6. The risk of and vulnerability to floods have increased over many areas in Europe, due to a range of climatic and non-climatic impacts, whose relative importance is sitespecific. Flood damage has increased substantially, however observations alone do not provide conclusive and general proof as to how climate change affects flood frequency. An ubiquitous increase in flood maxima is not evident.

7. The insurance industry reports a pronounced increase in the number of weather-related events, which have caused significant losses, for example, wind-storms and floods globally and, to a somewhat lesser degree, in Europe. There is still insufficient knowledge about the extent to which these changes can be found in wind and precipitation observations and whether they are driven by global warming. Some of the hazard-driven increases of loss events may have been masked by human prevention measures, in particular in the case of flood loss data, as these can be influenced much more by preventive measures than wind-storm losses.

8. In some regions, low-lying coastal zones are considered to be particularly vulnerable to climate change, especially through sea-level rise, changes in wave climate and in storminess. In Portugal, one of the European countries most affected by coastal erosion, the shoreline is retreating at an annual average of as much as 9 m in places, mainly as a result of weakening of river sediment supplies due to dams and embankments. However, the question of past trends in storm number and intensities is still open. More North European wind storms are seen when the state of the North Atlantic Oscillation (NAO) is in a positive phase, but the causes determining the phase of the NAO are still unclear.

The outlook

1. The main tool for providing insights into possible climate futures is computer modelling. Using modelling studies with other inputs, some of the likely trends for the future can be seen. In particular, a consensus is emerging about the likely future pattern of extreme weather events in Europe. Heat waves are very likely to become more frequent, with increased duration and intensity, while the number of cold spells and frost days are likely to decrease. Fewer cold extremes are expected, but occasional intense cold spells will still occur, even in the second half of the 21st century. Southern Europe and the Mediterranean Region may expect a combination of a reduction in annual precipitation and an increase in average temperatures. Summer dryness is expected to further increase in Central and Southern Europe during the 21st century, leading to an enhanced risk of drought, longer dry spells, and larger soil moisture deficits.

2. Climate model simulations also suggest more frequent droughts throughout Europe, although flash and urban floods triggered by local intense precipitation events are also likely to be more frequent. Other likely consequences of climate change include decreased annual river flow in Southern Europe and increased water stress in regions that are already vulnerable to reductions in water resources.

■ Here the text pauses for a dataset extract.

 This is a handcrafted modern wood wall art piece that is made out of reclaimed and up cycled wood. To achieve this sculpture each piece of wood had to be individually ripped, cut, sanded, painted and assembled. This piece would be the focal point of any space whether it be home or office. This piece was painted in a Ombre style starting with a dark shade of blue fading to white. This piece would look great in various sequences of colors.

3. Studies suggest higher precipitation intensity for Northern Europe and increased dry-spell lengths for Southern Europe. High intensity and extreme precipitation are expected to become more frequent within the next 70 years. The increased frequency is estimated to be larger for more extreme events, but will vary considerably from region to region. The seasonality and structure of precipitation is expected to change.

4. It is currently not possible to devise a scientifically sound procedure for redefining design floods used, for example, in planning for food defence (for example, 100- year floods) due to the large range of possible outcomes. For now, adjusting design floods using a climate-change factor is recommended, but flood-risk reduction strategies should be reviewed on regular basis, taking new information into account.

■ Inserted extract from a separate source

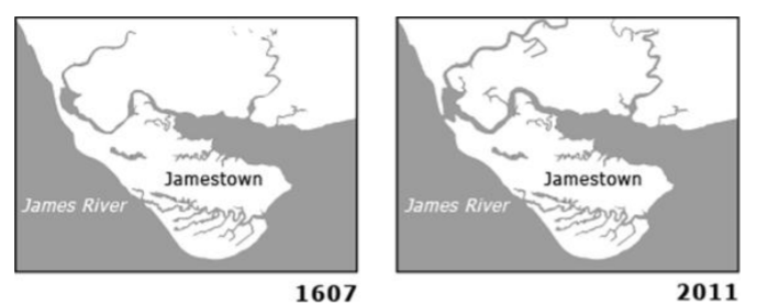Comparing these two maps, how is the geography of Jamestown today different from when the settlers arrived in 1607?

5. Climate model simulations indicate an increase in windstorm risk over Northwestern Europe, leading to higher storm damage when there is no adaptation. Over Southern Europe, severe wind storms are projected to decline. Economic impacts of extreme weather events

1. Much of the information about the economic impacts of extreme weather events comes from data on insured losses compiled by the insurance industry such as that held by the Munich Re company in its NatCatSERVICE, comprising about 30 000 data sets of individual loss events caused by natural hazards. This analysis shows that, in general, the frequency of weather-related loss events has increased significantly at a global level, in contrast with losses from geophysical hazards such as earthquakes or tsunamis, which have shown only a slight increase.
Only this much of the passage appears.